++++ Information provided ++++
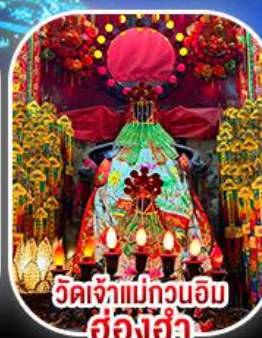
วัดเจ้าแม่กวนอิม ฮ่องฮำ
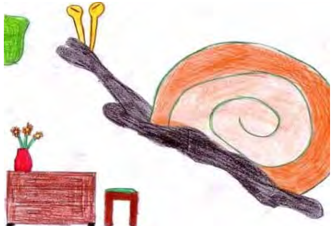
-Tekening deur Juan van Wyk

"Nee, jy is die slak. Jou stem is fyn en sag. Ons sal nie vir jou oopmaak nie," antwoord die slim wolfie. Hy is al te trots op homself dat hy geweet het dis die slak. 'n Rukkie later klop iemand weer aan die deur. Weereens vra die wolfie, "Wie is dit?"
++++
- **Directions**: Provide a precise transcription of the listing, excluding each picture.

- **Answer**:
วัดเจ้าแม่กวนอิม ฮ่องฮำ
-Tekening deur Juan van Wyk

"Nee, jy is die slak. Jou stem is fyn en sag. Ons sal nie vir jou oopmaak nie," antwoord die slim wolfie. Hy is al te trots op homself dat hy geweet het dis die slak. 'n Rukkie later klop iemand weer aan die deur. Weereens vra die wolfie, "Wie is dit?"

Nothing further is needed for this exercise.